Lake Chesdin, which lies on the border between Dinwiddie and Chesterfield Counties, is a popular body of water for anglers, but its Brasfield Dam lies only eight miles upstream of the Appomattox’s confluence with the upper tidal James River.

The dam experiences frequent spillovers from its powerful river, which means the hybrid “wiper” can pass into the James, which eventually leads to the Bay.

While most hybrid rockfish are sterile, rare fertile individuals can interbreed with the native stripers that spawn in the James each spring. The Chesapeake’s beloved rockfish are overfished at present, with a coastwide rebuilding plan underway under the auspices of the Atlantic States Marine Fisheries Commission. The last thing these treasured fish need right now is pollution of their genetic integrity.    

DWR carefully monitors Lake Chesdin fish populations, emphasizing especially robust stocks of largemouth bass, crappie, and channel catfish, all of which are well-established also in the tidal Appomattox and James.

As we examined the hybrid in my skiff’s net, McCrickard, DWR’s Aquatic Education Coordinator, remarked, “Our stockings create and improve recreational angling opportunities and are guided by sound science.
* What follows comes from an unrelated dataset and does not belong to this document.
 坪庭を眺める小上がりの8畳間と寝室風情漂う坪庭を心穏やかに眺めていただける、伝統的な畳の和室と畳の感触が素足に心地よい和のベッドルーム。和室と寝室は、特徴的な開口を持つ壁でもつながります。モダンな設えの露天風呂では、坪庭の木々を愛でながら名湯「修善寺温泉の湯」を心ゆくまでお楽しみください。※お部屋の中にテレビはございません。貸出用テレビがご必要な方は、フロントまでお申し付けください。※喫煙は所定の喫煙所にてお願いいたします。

This is why it always comes as a surprise to us when we encounter species of fish that we never stocked in Department-managed waters.”

There was even more concern when a crew of DWR fishery biologists caught another wiper in a gillnet survey at Chesdin several weeks later.  They may have come from some well-meaning angler who caught them in another lake where DWR does stock them, put them in a livewell, and released them into Chesdin.   
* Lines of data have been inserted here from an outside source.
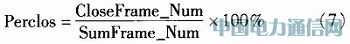 则以每6s视频作为1个检测单元,间隔0.33s取1帧作眼睛状态检测。统计每个检测单元内18帧图像的状态,得到眼睛闭合帧数CloseFr ame_Num和处理的总帧数SumFrame_Num,依据式(7)计算相应的Perclos值。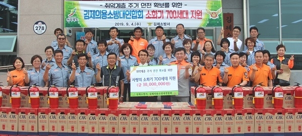기증된 소화기는 김제시 관계부서와 협의를 통해 취약계층 등 700세대를 선정 보급·설치할 계획이다.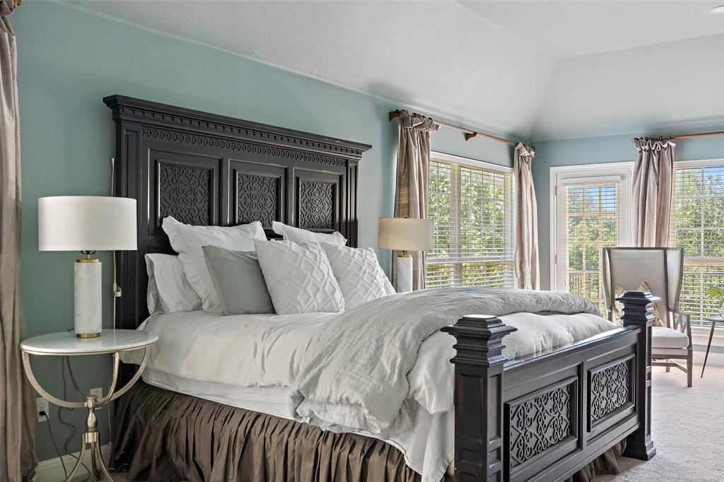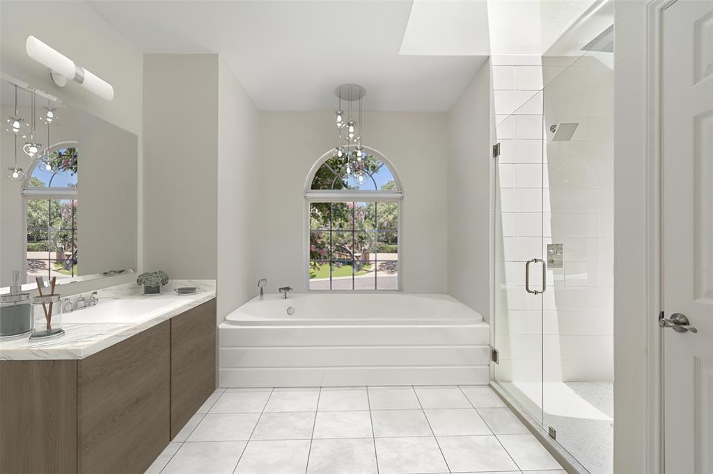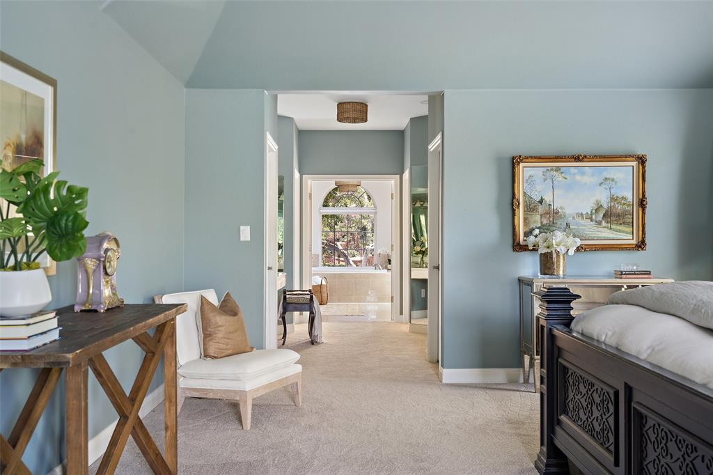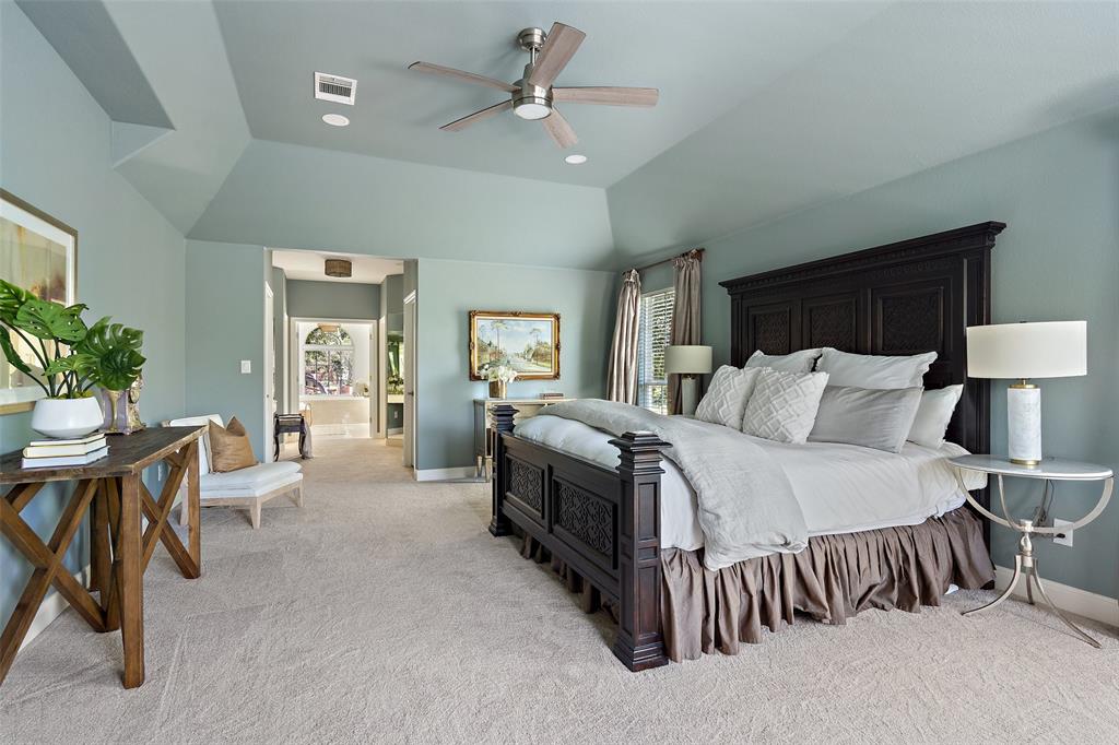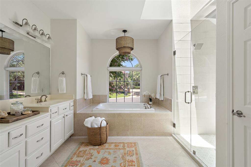 Retreat to the expansive primary suite, which showcases two oversized walk-in closets, an attached office, and a private balcony overlooking the greenbelt and pool. The en-suite primary bath offers ample counter space, double vanities, soothing soaking tub, walk-in shower, and a separate vanity area, providing a luxurious haven for relaxation and pampering.

According to Virginia code 4VAC 15-320-60, “it is unlawful to stock any species of fish into any public inland waters of the Commonwealth without first obtaining written approval to do so from the Department of Wildlife Resources.”  4VAC 20-252-210 specifically prohibits release of live striped bass and live hybrid striped bass in the waters of the Commonwealth from an aquaculture facility located within or outside the Commonwealth without written permission from the Commissioner of Marine Resources. Stocking fish without obtaining the proper permits is unlawful and punishable by up to six months in jail time and up to a $1,000 fine. 
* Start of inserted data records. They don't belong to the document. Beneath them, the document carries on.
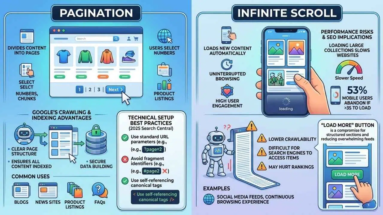 Google’s crawler sometimes misses later posts or product listings because they appear only after lots of scrolling. This leaves parts of your site hidden in plain sight.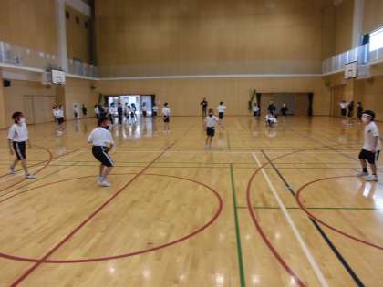 今日は、フリスビーを使ってドッジボールを行う「ドッジビー」をしました。初めは思ったように飛ばないことに難しさを感じた子供たちでしたが、強さや方向を考えて投げることで、だんだんうまく飛ばせるようになっていきました。試合では全員が楽しくフリスビーを投げたりよけたりしていました。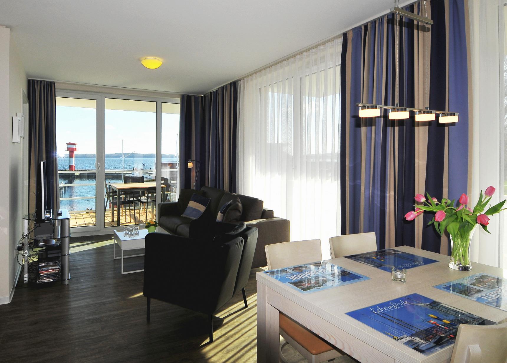 Moderne Ferienwohnung mit zwei Balkonen und Meerblick direkt am Jachthafen von Eckernförde.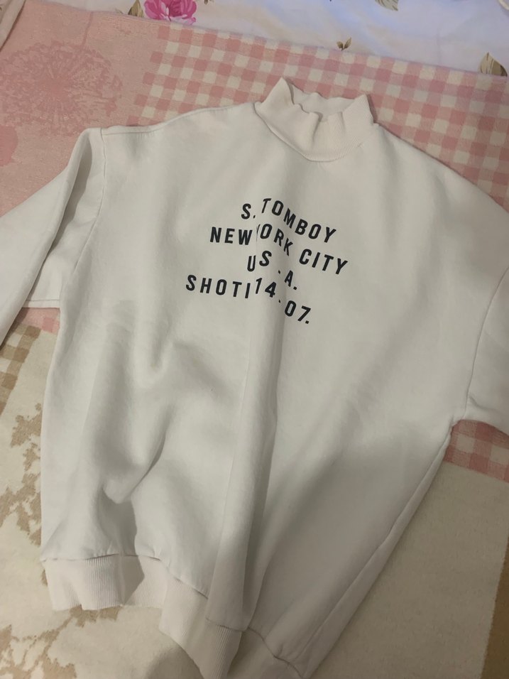 Pamuk beyaz sweatshirt, bisiklet yaka ve kısa kollu, bol kesim ve baskılı yazı detaylı. Günlük rahat kullanım için uygun. Aşırı aşırı oversize bir Sweat ben okulda vs kullandım. Hiçbir kusuru yoktur. #koton #zara #adidas #lcw #defacto #pul&bear #h&m #hotiç #converse #dior #gucci #nike #lacoste #stiletto #topukluayakkabı #kazak #triko #hırka #sweat #sweatshirt #pantolon #eşofman #pijama #pijamatakımı #eşofmanaltı #kaban #kaşekaban #çanta #sırtçantası #çaprazçanta #kolçantası #sporayakkabı #sandelet #şal #eşarp #örgükazak #haşema #kapşonlu #yazlık #yazlıkpijama #yazlıkpantolon #kumaşpantolon #pantolon #kotpantolon #mont #ceket #blazer #kolejceket #tişört #oversizetişört #oversize

Our native fish species have evolved over the past ten thousand years to best fit the parts of the Chesapeake Bay ecosystem where they naturally spawn and live. Those adaptations can be as micro-specific as spawning rockfish in each river system developing egg specific gravity values that keep them suspended in the flow conditions of that river. Inadvertent introduction of white bass genes into the James River rockfish stock carries genuine risk of disrupting that important characteristic.   Such risks are one reason why fishery managers at DWR and the Maryland Department of Natural Resources take their science so seriously.